Generator: tries to fool the discriminator by generating real-looking images

Discriminator: tries to distinguish between real and fake images

The generative model can be thought of as analogous to a team of counterfeiters, trying to produce fake currency and use it without detection, while the discriminative model is analogous to the police, trying to detect the counterfeit currency.
Competition in this game drives both teams to improve their methods until the counterfeits are indistinguishable from the genuine articles
(Goodfellow et al., 2014).

The training process:

The generator generates images (fake images) from random noise
Input real or fake images to the discriminator, and then the discriminator will output a scaler ( value between 0 ~ 1, fake:0, real:1) which represents the probability of whether it is a real image
Using the output of the discriminator (loss) to improve the generator and discriminator
keep looping the previous process until the image generated from the generator could get output value 1 from the discriminator

If the generator could get output value 1 from the discriminator, this means that the discriminator believes the fake image from the generator is real, which represent the discriminator could not distinguish between fake and real images anymore. 😢

Finally, we can use the generator to generate images similar to the distribution of the data. 😄

For detailed information, here is the link to the original paper

Problem with the classic GAN structure

With the remarkable performance of the “Adversarial Net”, a lot of tasks in Computer Vision have now applied GAN as the basic structure such as the generation of High-Quality images and the reconstruction of missing parts of an image. However, there still exist some problems with the classic GAN structure.

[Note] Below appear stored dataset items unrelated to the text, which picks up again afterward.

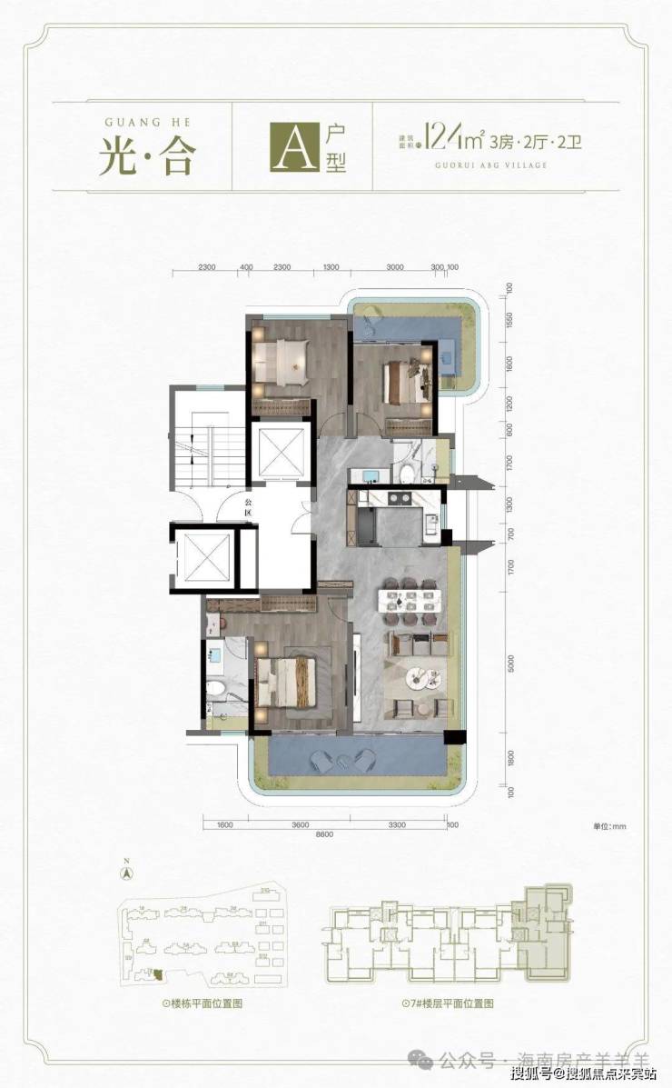 A户型: 建面约124㎡ 3房2厅2卫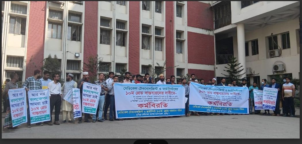 কুমিল্লা মেডিকেল টেকনোলজিস্টদের নেতৃবৃন্দরা বলেন,মেডিকেল টেকনোলজিস্ট ও ফার্মাসিস্টদের দশম গ্রেড বাস্তবায়নের ফাইলটি জনপ্রশসন মন্ত্রণালয়ে প্রক্রিয়াধীন রয়েছে। সরকারের সংশ্লিষ্ট বিভাগ ও মন্ত্রণালয়ে বার বার উপস্থাপিত হয়ে আসছে। কিন্তু দুঃখের বিষয়, নিয়মতান্ত্রিক উপায়ে আন্দোলন, সংগ্রাম, দাপ্তরিক চিঠি চালাচালি, জনপ্রশাসন বিধি শাখার সমস্ত চাহিদা পূরণ করা সত্ত্বে ও সংশ্লিষ্ট ঊর্ধ্বতন কর্তৃপক্ষের সদিচ্ছার অভাব, আমলাতান্ত্রিক জটিলতা ও নানাবিধ উদ্দেশ্যে মন্ত্রণালয় অবিরতভাবে কোয়ারি দেয়ার মাধ্যমে সময়ক্ষেপণ ও জটিলতা তৈরি করছে।ইতোপূর্বে ,ডিপ্লোমা ইঞ্জিনিয়ার, ডিপ্লোমা নার্স ও ডিপ্লোমা কৃষিবিদরা ১১তম গ্রেড থেকে দশম গ্রেডে উন্নীত হয়েছে। আমাদের দাবি না মানা হলে কেন্দ্রীয় কর্মসূচির আলোকে ৩ নভেম্বর অর্ধ-দিবস কর্মবিরতি ও ৪ নভেম্বর পূর্ণ-কর্মদিবস কর্মসূচি পালন করা হবে। সংবাদ প্রকাশঃ ৩০-১১-২০২৫ ইং সিটিভি নিউজ এর (সংবাদটি গুরুত্বপূর্ণ মনে হলে দয়া করে ফেসবুকে লাইক বা শেয়ার করুন) (If you think the news is important, please share it on Facebook or the like> See More =আরো বিস্তারিত জানতে কমেন্টসে লিংকে ছবিতে ক্লিক করুন= ==আরো =বিস্তারিত জানতে কমেন্টসে নিউজ লিংকে ক্লিক করুন=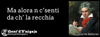 Gent'd'S'nigaja - Ludwig Van BeethovenL’ironica striscia di questa pubblicazione è invece dedicata a Ludwig Van Beethoven. Il genio della musica mondiale che, com’è noto, aveva un handicap che lo ha reso ancora più grande: era sordo. In italiano la frase si traduce: “Allora fai finta di non capire!.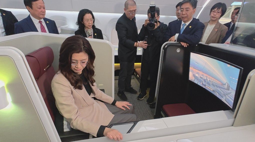 4月9日,中国国民党主席郑丽文一行参观中国商飞上海飞机设计研究院。图为郑丽文在C929样机的机舱内部参观。中新社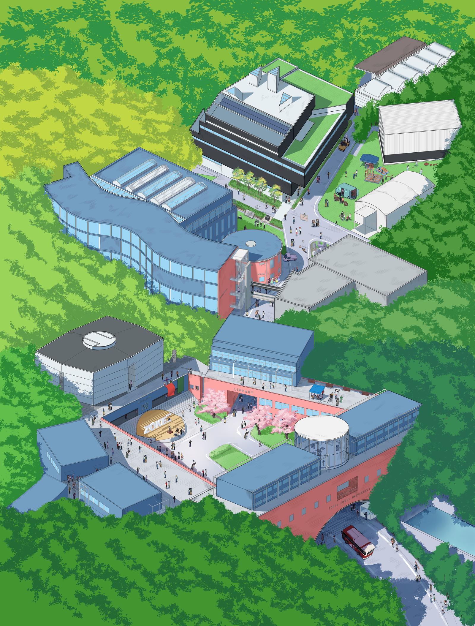 本展は、建築模型、版画、イラストレーション、写真、デジタルメディア、テキスタイルなど、それぞれの得意ジャンルを活かして多数の教員、学生が参加してつくりあげる展覧会です。新しいキャンパスに込めた磯崎新の思い、自由奔放に学び遊んだ学生たち、森の環境を活かした学修プログラムなど、キャンパスを軸にした活動の広がりをご紹介いたします。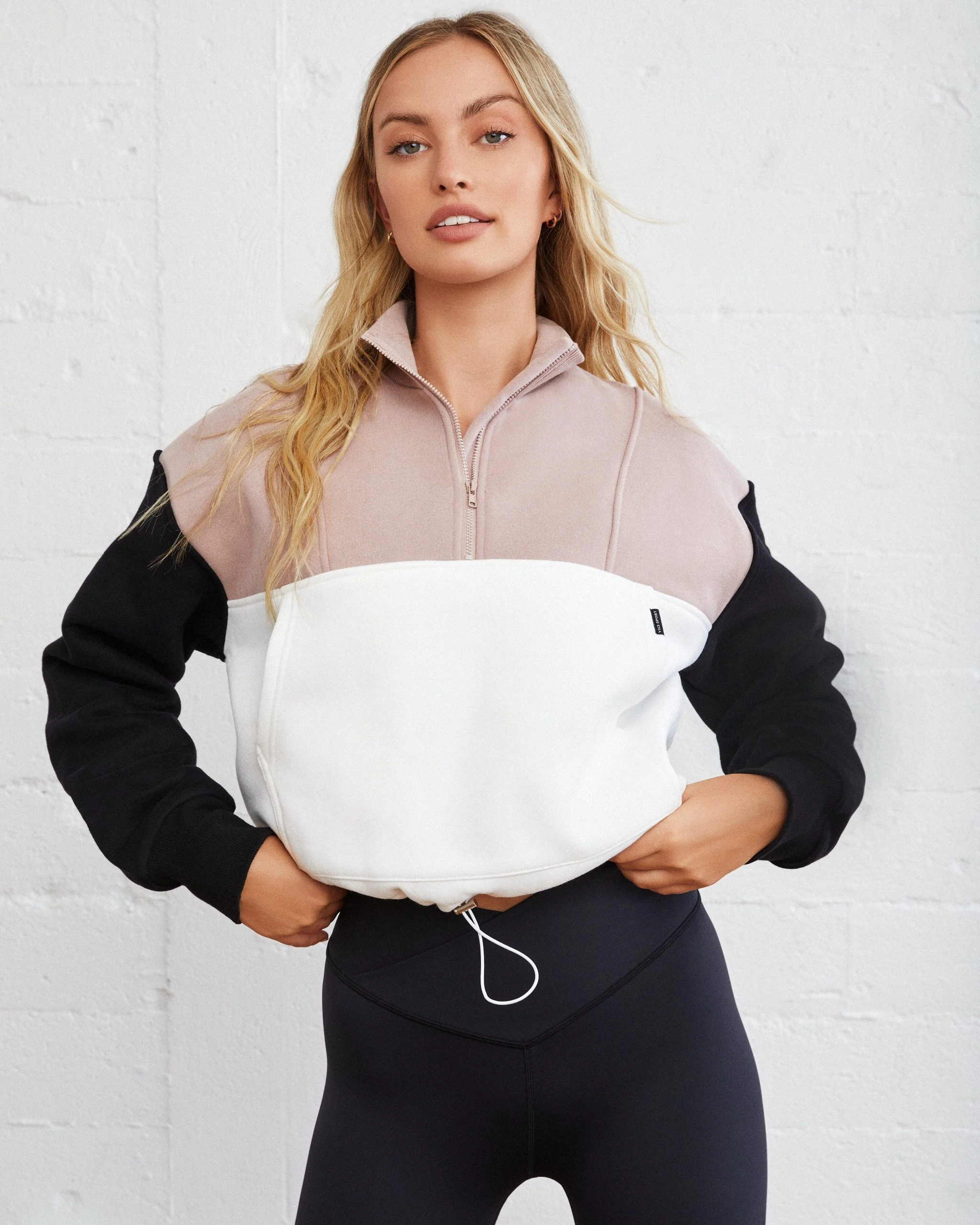 //VICI Exclusive// Show your sporty side in our Circuit Cotton Blend Pocketed Half Zip Pullover! Black, mauve, and white hues detail this piece. Designed with a kangaroo pocket and ribbed edges. Styled with the Sporty Slide Sandal and Total Body Criss Cross Legging.

Here shows the main issues of classic GAN:

The generator operates as a black box: like most DL models, the explainability of the model is still a big challenge.
It is hard to control the style of the image: Since the input of the generator is a bunch of random numbers, for instance, a vector with 100 components. We could expect that by controlling these 100 numbers, we can control the style of the final image. But, the fact is, it doesn’t work! 😢

Style GAN

The Style Generative Adversarial Network, or StyleGAN for short, is an extension of the GAN architecture first proposed by Karras et al., (2018). Which introduces two new structure Mapping network and the Synthesis network.

👉 👉 The structure of the discriminator and the training process is the same as the classic GAN

The main modification in style gan

Mapping network: instead of putting the latent vector z directly into the network, we use multiple fully connected (FC) layers to map it to the space which fits the network more.
The synthesis network: after we got the vector w (A) from the previous Mapping network, we concat it to every layer (AdaIN) while adding some noise (B) into it.

Detail of style gan

Mapping network

To solve the problem of less control over the style of the classic gan, we have to first talk about the concept of entanglement.

explanation of mapping net of style GAN — explanation of mapping net (Karras et al., 2018)

The above was the explanation from the original paper, let's try to explain it in normal English.

In the case that we want to control two factors (eyes and face size), we assume that we only need to modify a single element of the latent vector to control both eye and face size at the same time. (entanglement)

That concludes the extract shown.